> Data block:
+---+

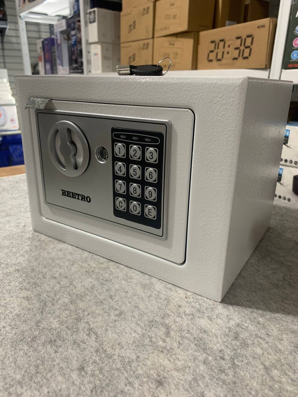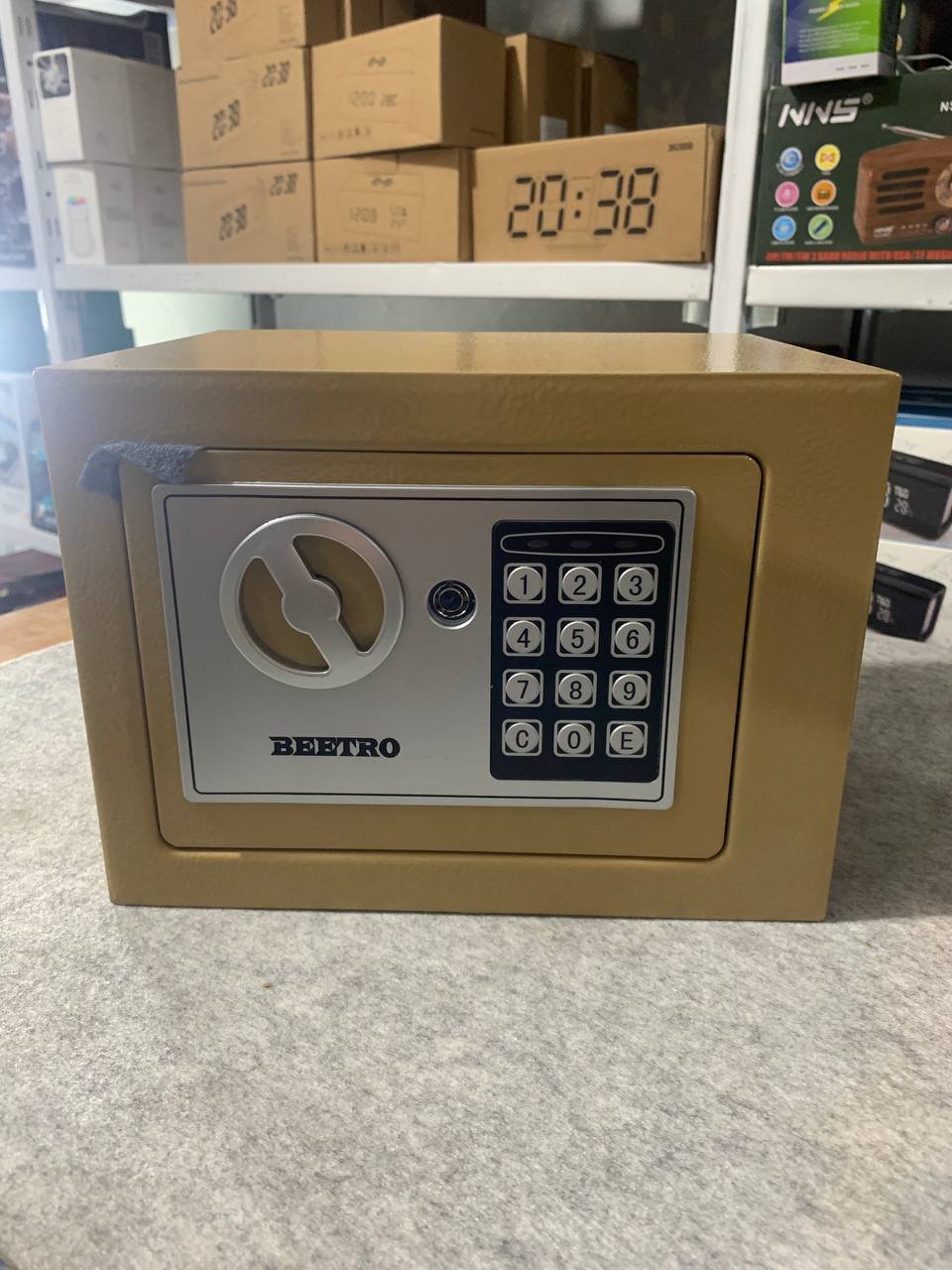 خزنة آمنة بترميز رقمي ومفاتيح احتياطيةقفل رقمي قابل للبرمجة (3 إلى 8 أرقام).إمكانية الفتح الطارئ باستخدام مفتاحين مرفقين.دعم التركيب على الجدار أو داخل الخزانة.قفل عالي الجودة بمزلاجين فولاذيين (إغلاق مزدوج).الوزن: 2.4 كجم.الأبعاد: 25×19×19 سم.
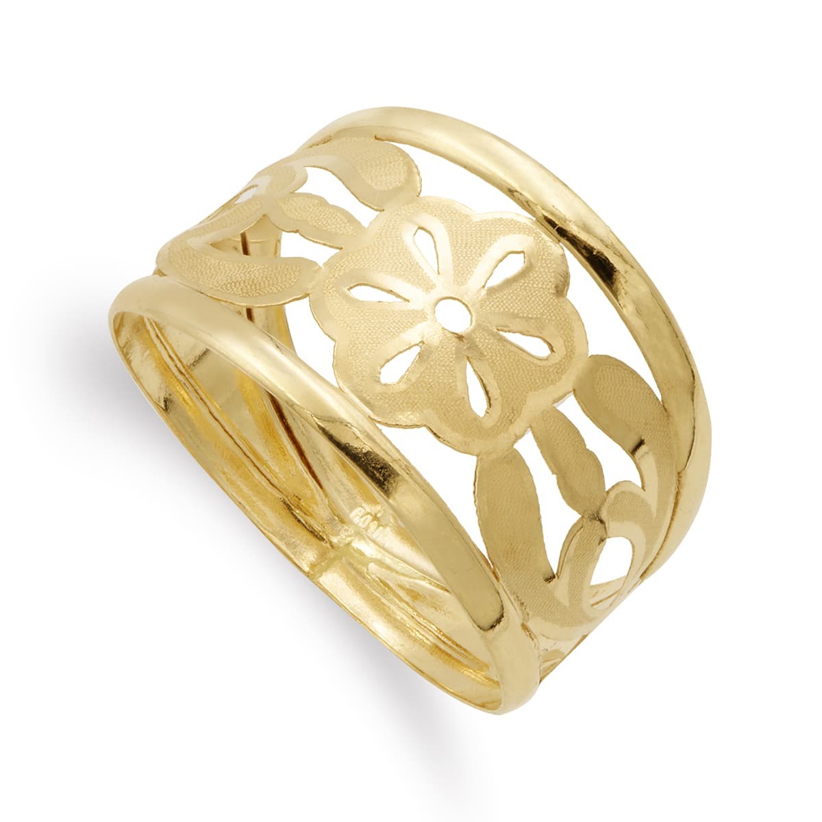 18K SORTIJA ORO AMARILLO FLORES CALADA MATE Y BRILLO ANCHO 14 MM
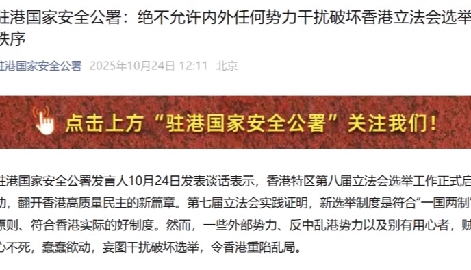 發言人強調,駐港國家安全公署自2020年7月成立以來,堅定依法履職,時刻保持警惕、嚴陣以待,堅決防範、遏制、打擊危害國家安全的行為和活動。隨着香港國安法、《維護國家安全條例》及其附屬法例等維護國家安全法律深入實施,香港已邁入國安法治新階段。駐港國家安全公署堅定支持香港特區毫不手軟依法打擊“以災亂港”行徑,堅決懲治危害國家安全的行為和活動,堅決反制任何外部勢力的插手干預,堅決捍衛香港來之不易的繁榮穩定大勢。“我們正告妄圖‘以災亂港’的反中亂港分子,無論你們變換什麼手法,都一定會受到香港國安法和《維護國家安全條例》的追究嚴懲!”(完) 【編輯:徐嘉儀】

+---+

> What you are asked to do:
Set out the material once more, exact in every line, with no images.

> Response for this exercise:
 خزنة آمنة بترميز رقمي ومفاتيح احتياطيةقفل رقمي قابل للبرمجة (3 إلى 8 أرقام).إمكانية الفتح الطارئ باستخدام مفتاحين مرفقين.دعم التركيب على الجدار أو داخل الخزانة.قفل عالي الجودة بمزلاجين فولاذيين (إغلاق مزدوج).الوزن: 2.4 كجم.الأبعاد: 25×19×19 سم.
 18K SORTIJA ORO AMARILLO FLORES CALADA MATE Y BRILLO ANCHO 14 MM
 發言人強調,駐港國家安全公署自2020年7月成立以來,堅定依法履職,時刻保持警惕、嚴陣以待,堅決防範、遏制、打擊危害國家安全的行為和活動。隨着香港國安法、《維護國家安全條例》及其附屬法例等維護國家安全法律深入實施,香港已邁入國安法治新階段。駐港國家安全公署堅定支持香港特區毫不手軟依法打擊“以災亂港”行徑,堅決懲治危害國家安全的行為和活動,堅決反制任何外部勢力的插手干預,堅決捍衛香港來之不易的繁榮穩定大勢。“我們正告妄圖‘以災亂港’的反中亂港分子,無論你們變換什麼手法,都一定會受到香港國安法和《維護國家安全條例》的追究嚴懲!”(完) 【編輯:徐嘉儀】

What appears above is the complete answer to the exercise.